Abstract
Currently, radiation oncology-specific electronic medical records (EMRs) allow providers to input the radiation treatment site using free text. The purpose of this study is to develop a natural language processing (NLP) tool to extract encoded data from radiation treatment sites in an EMR.
Treatment sites were extracted from all patients who completed treatment in our department from April 1, 2011, to April 30, 2013. A system was designed to extract the Unified Medical Language System (UMLS) concept codes using a sample of 11,018 unique site names from 31118 radiation therapy (RT) sites. Among those, 5500 unique site name strings that constitute approximately half of the sample were spared as a test set to evaluate the final system. A dictionary and calculated n-gram statistics using UMLS concepts from related semantic types were combined with manually encoded data.

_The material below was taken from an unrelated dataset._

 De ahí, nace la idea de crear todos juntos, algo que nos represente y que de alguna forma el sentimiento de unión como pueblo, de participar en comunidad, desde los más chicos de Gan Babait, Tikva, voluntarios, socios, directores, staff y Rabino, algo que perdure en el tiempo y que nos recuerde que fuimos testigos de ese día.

There was an average of 2.2 sites per patient. Prior to extraction, the 20 most common unique treatment sites were used 4215 times (38.3%). The most common treatment site was whole brain RT, which was entered using 27 distinct terms for a total of 1063 times. The customized NLP solution displayed great gains as compared to other systems, with a recall of 0.99 and a precision of 0.99.

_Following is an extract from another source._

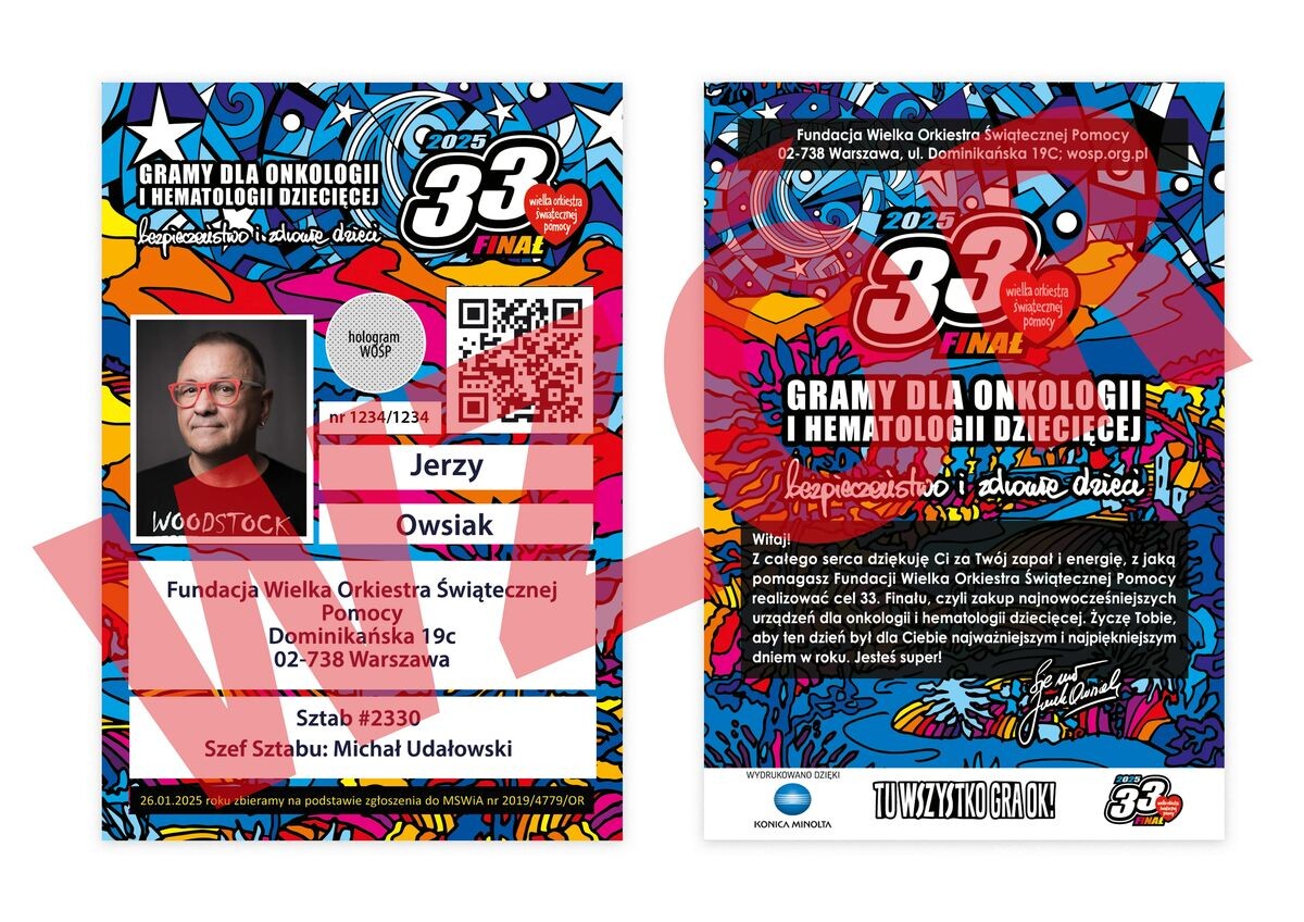 - Hologram, pieczątkę Fundacji, numer zbiórki i dane Sztabu,

A customized NLP tool was extracting encoded data from radiation treatment sites in an EMR with great accuracy. This can be integrated into a repository of demographic, genomic, treatment, and outcome data to advance personalized oncologic care.
Keywords: radiation therapy, natural language processing, treatment site
Introduction
A National Radiation Oncology Registry (NROR) has been created through a collaboration between the Radiation Oncology Institute (ROI) and the American Society for Radiation Oncology (ASTRO) to develop a national database that will be used to study the clinical outcomes and patterns of care. Inherent in this effort is the need for automated tools to extract clinical information from radiation oncology electronic medical records (EMRs). Currently, radiation oncology-specific electronic medical records allow providers to input the treatment site using free text, leading to a glut of potential options. This paradigm creates great challenges in answering research questions that depend on assembling a cohort of patients who received similar treatments.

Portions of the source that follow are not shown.